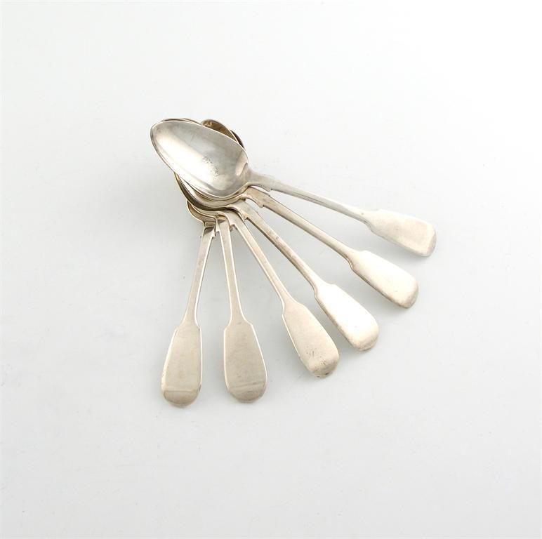 A set of six early Victorian silver Fiddle pattern dessert spoons
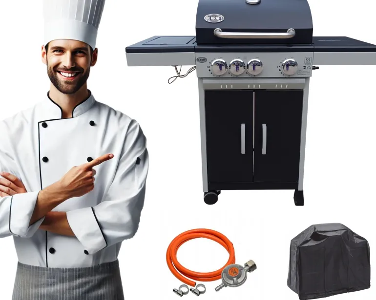 GRILL GAZOWY DEKRAFT 3+1 PALNIKI RUSZT ŻELIWNY + POKROWIEC
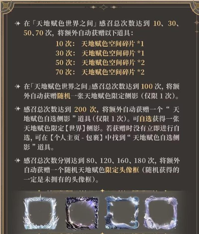 ✦感召总次数分别达到80、120、160、180次,将额外自动获赠一个随机天地赋色限定头像框(随机获得的一定是未拥有的头像框)。
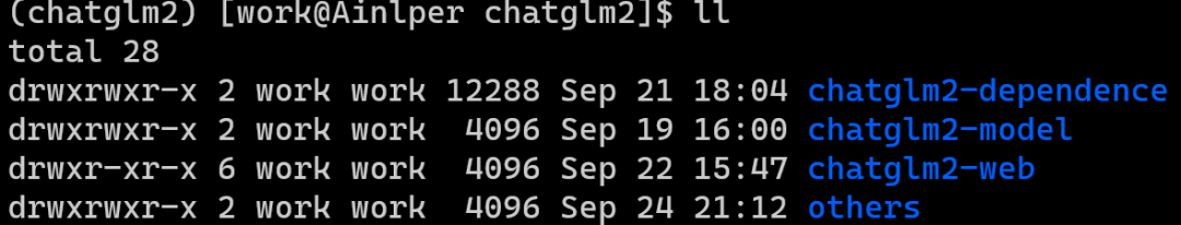 1、将chatglm2的模型文件:chatglm2-model,拷贝到:/home/work/chatglm2/下面。如下图所示
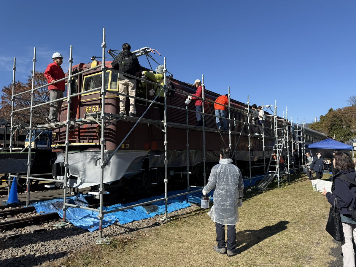 本日は鉄道文化むらにて、ペイントイベントが開催されました。 今年は例年より増えた3両で、一般参加者はEF59、鉄道OB会はEF80、びゅうツアー参加者とJR社員の方にはEF63-1を塗っていただきました。 #碓氷峠鉄道文化むら pic.x.com/NgMoGoFP5u

> What is needed: Although the records contain pictures, print only the rest, exactly as written.

> Problem solution:
 A set of six early Victorian silver Fiddle pattern dessert spoons
 GRILL GAZOWY DEKRAFT 3+1 PALNIKI RUSZT ŻELIWNY + POKROWIEC
 ✦感召总次数分别达到80、120、160、180次,将额外自动获赠一个随机天地赋色限定头像框(随机获得的一定是未拥有的头像框)。
 1、将chatglm2的模型文件:chatglm2-model,拷贝到:/home/work/chatglm2/下面。如下图所示
 本日は鉄道文化むらにて、ペイントイベントが開催されました。 今年は例年より増えた3両で、一般参加者はEF59、鉄道OB会はEF80、びゅうツアー参加者とJR社員の方にはEF63-1を塗っていただきました。 #碓氷峠鉄道文化むら pic.x.com/NgMoGoFP5u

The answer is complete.